— The records —

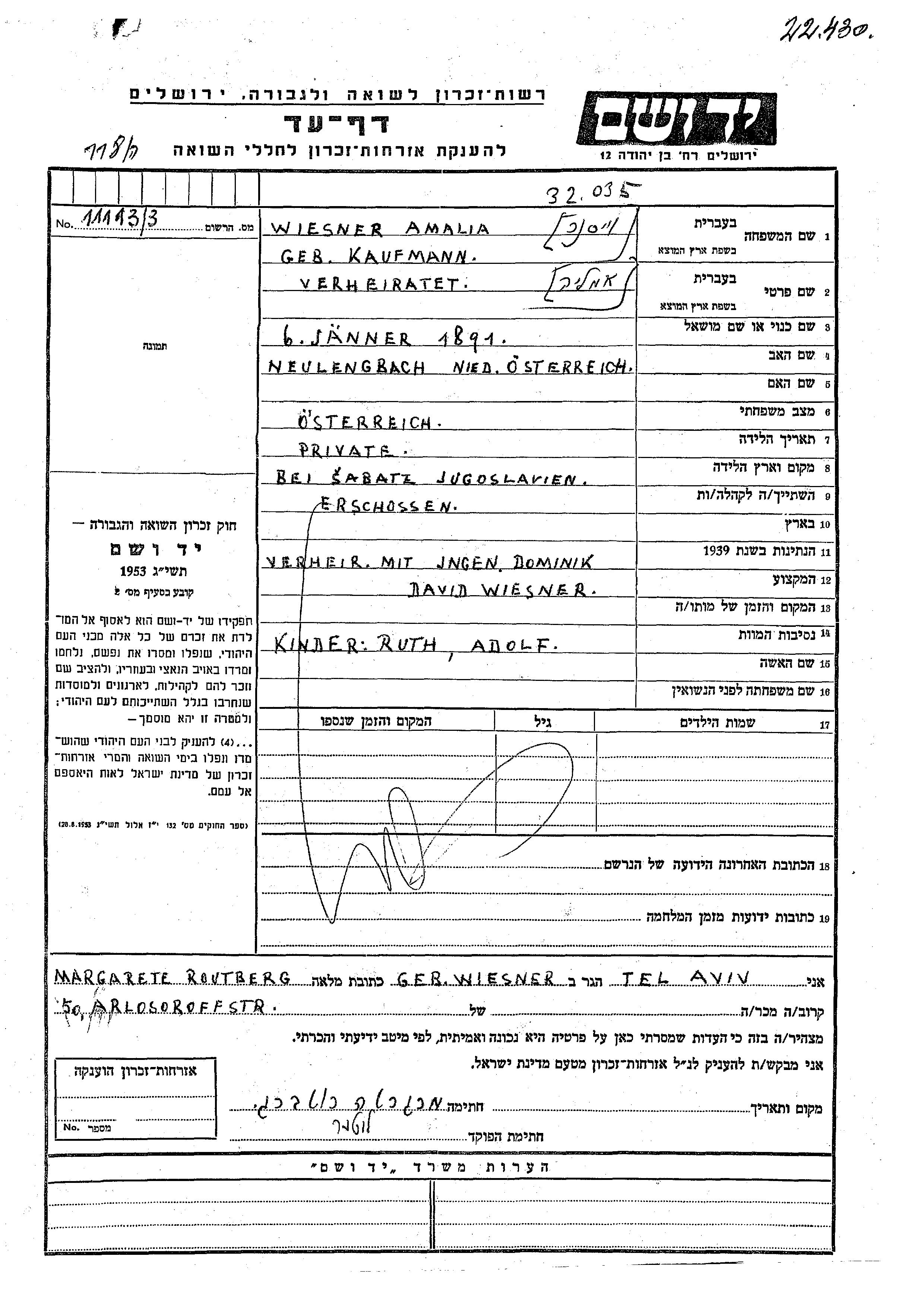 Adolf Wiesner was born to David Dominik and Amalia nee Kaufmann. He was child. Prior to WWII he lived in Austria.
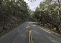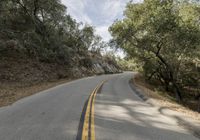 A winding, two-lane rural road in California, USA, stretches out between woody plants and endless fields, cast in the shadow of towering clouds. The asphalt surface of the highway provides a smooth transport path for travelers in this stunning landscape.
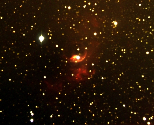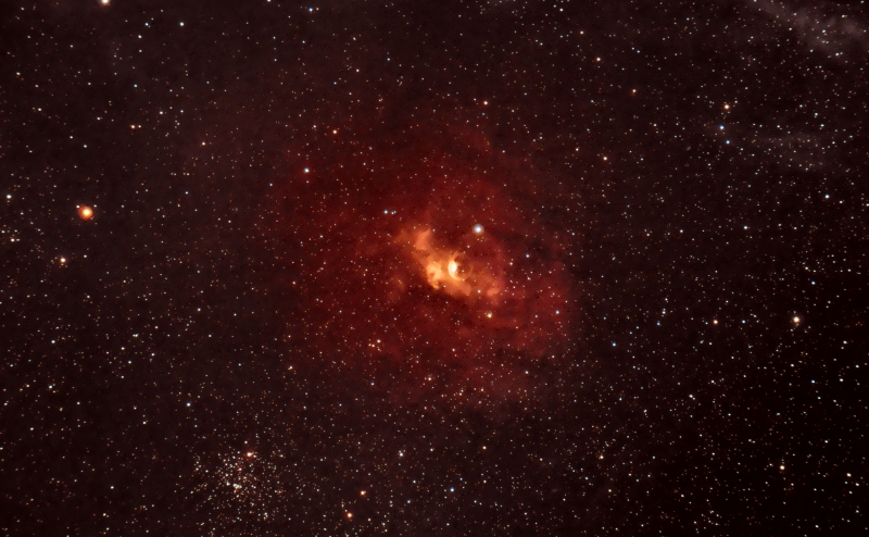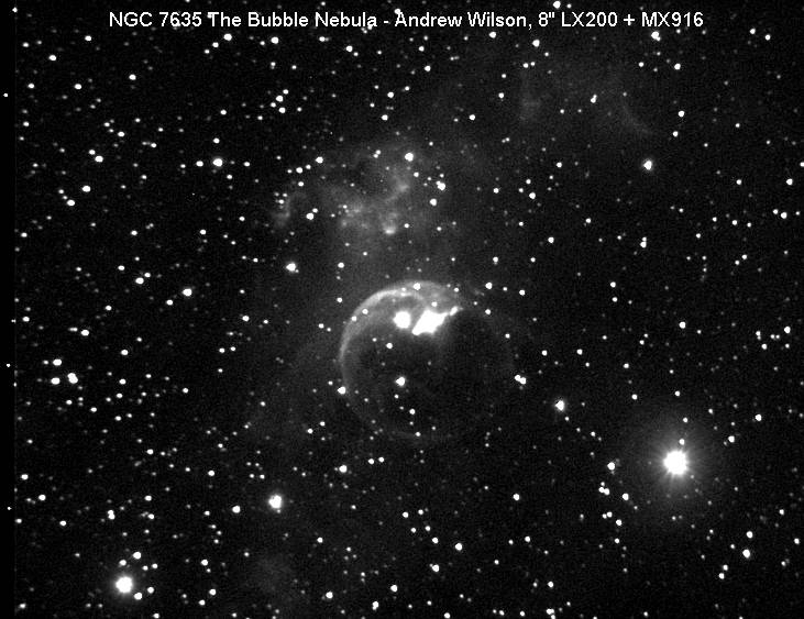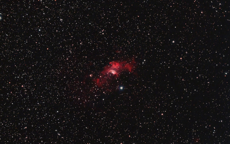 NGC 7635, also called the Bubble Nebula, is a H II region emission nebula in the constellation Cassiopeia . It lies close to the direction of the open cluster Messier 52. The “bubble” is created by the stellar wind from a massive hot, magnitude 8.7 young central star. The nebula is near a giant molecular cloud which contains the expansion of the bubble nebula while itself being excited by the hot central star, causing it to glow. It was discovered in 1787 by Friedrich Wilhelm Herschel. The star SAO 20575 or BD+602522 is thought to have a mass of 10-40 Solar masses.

--

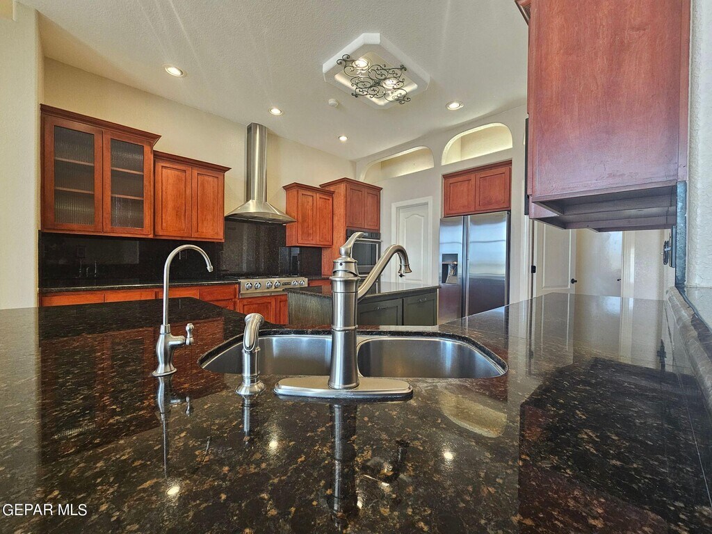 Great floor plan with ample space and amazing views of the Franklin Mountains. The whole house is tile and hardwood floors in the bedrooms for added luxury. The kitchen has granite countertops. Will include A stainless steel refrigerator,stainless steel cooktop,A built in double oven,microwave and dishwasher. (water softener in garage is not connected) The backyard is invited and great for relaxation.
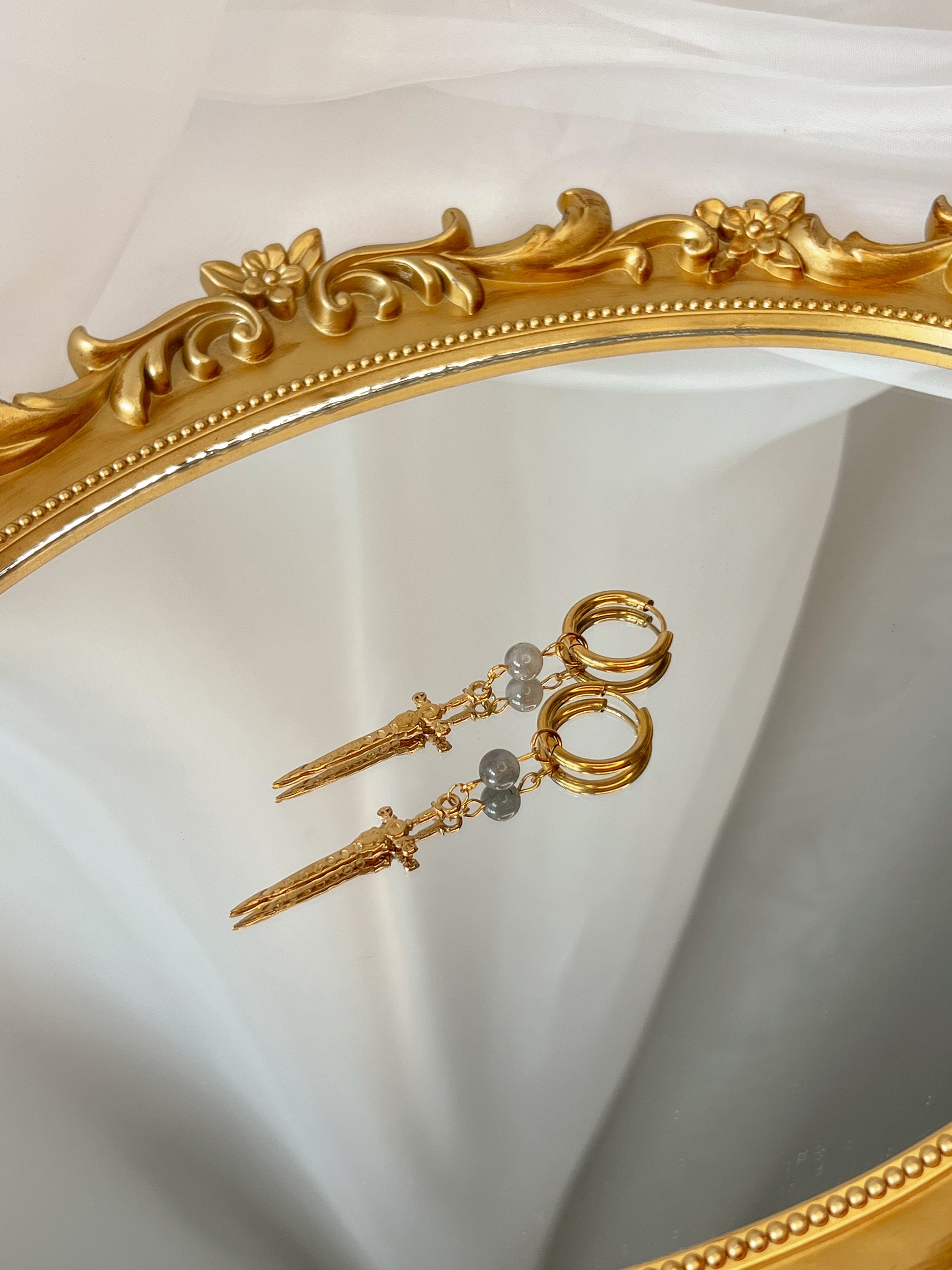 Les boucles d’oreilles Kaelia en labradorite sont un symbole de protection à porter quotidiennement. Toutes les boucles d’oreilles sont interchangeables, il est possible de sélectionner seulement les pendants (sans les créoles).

...

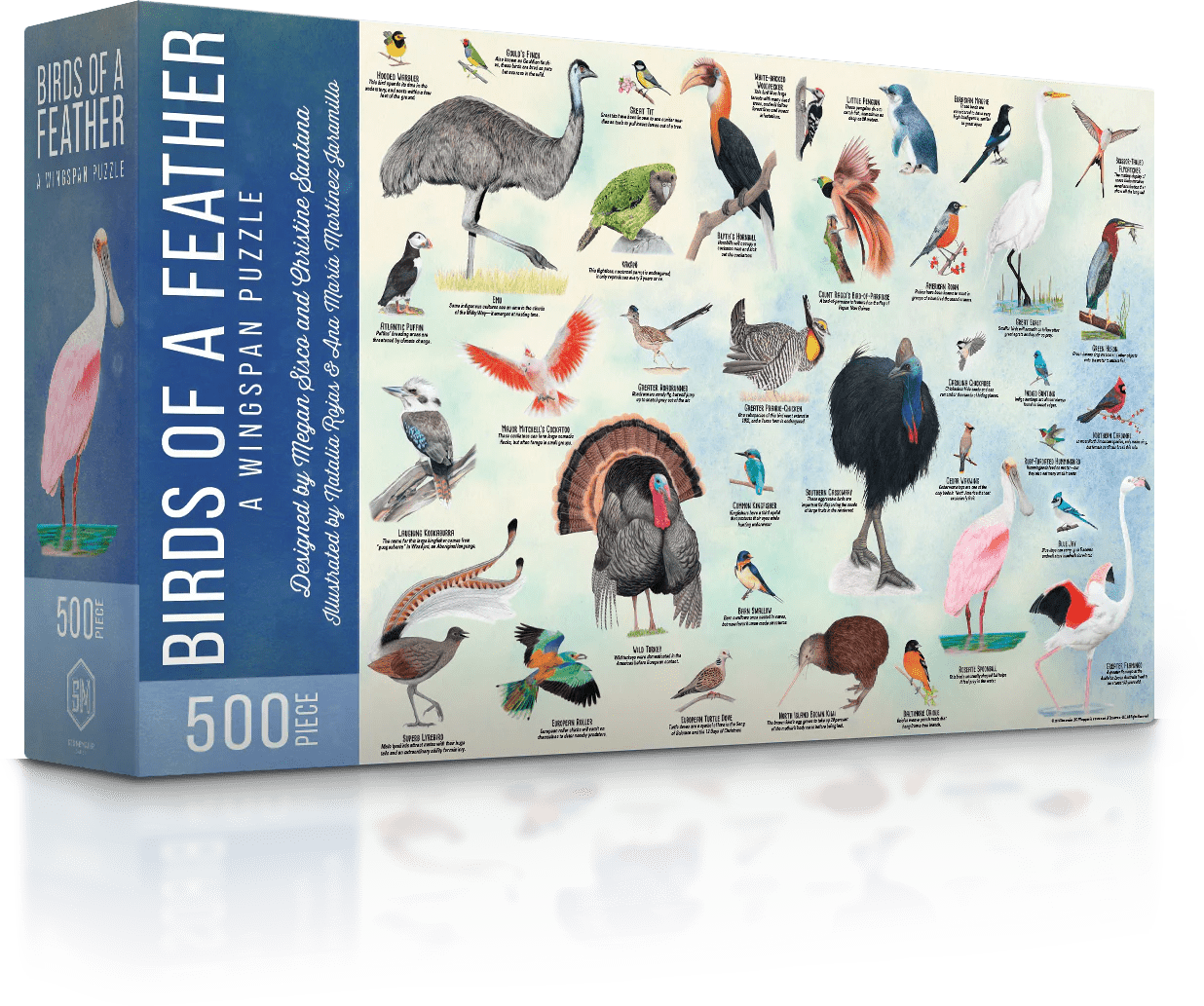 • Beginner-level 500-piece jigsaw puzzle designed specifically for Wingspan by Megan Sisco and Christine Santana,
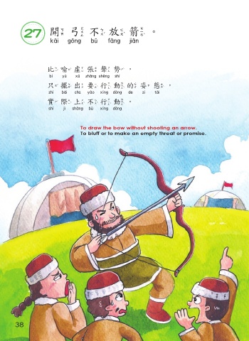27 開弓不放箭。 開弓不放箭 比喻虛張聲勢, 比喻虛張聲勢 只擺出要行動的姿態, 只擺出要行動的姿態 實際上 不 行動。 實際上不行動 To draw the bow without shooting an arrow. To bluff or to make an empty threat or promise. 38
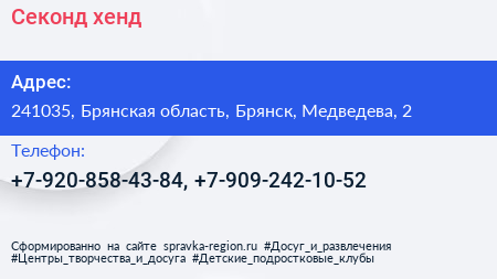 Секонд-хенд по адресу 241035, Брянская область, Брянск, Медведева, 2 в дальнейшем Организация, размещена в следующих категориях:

— Task brief —
In the listing above, find the line containing "A winding, two-lane" and the line containing "NGC 7635, also", then print exactly those two lines and every line between them, minus the pictures.

— Result below —
 A winding, two-lane rural road in California, USA, stretches out between woody plants and endless fields, cast in the shadow of towering clouds. The asphalt surface of the highway provides a smooth transport path for travelers in this stunning landscape.
 NGC 7635, also called the Bubble Nebula, is a H II region emission nebula in the constellation Cassiopeia . It lies close to the direction of the open cluster Messier 52. The “bubble” is created by the stellar wind from a massive hot, magnitude 8.7 young central star. The nebula is near a giant molecular cloud which contains the expansion of the bubble nebula while itself being excited by the hot central star, causing it to glow. It was discovered in 1787 by Friedrich Wilhelm Herschel. The star SAO 20575 or BD+602522 is thought to have a mass of 10-40 Solar masses.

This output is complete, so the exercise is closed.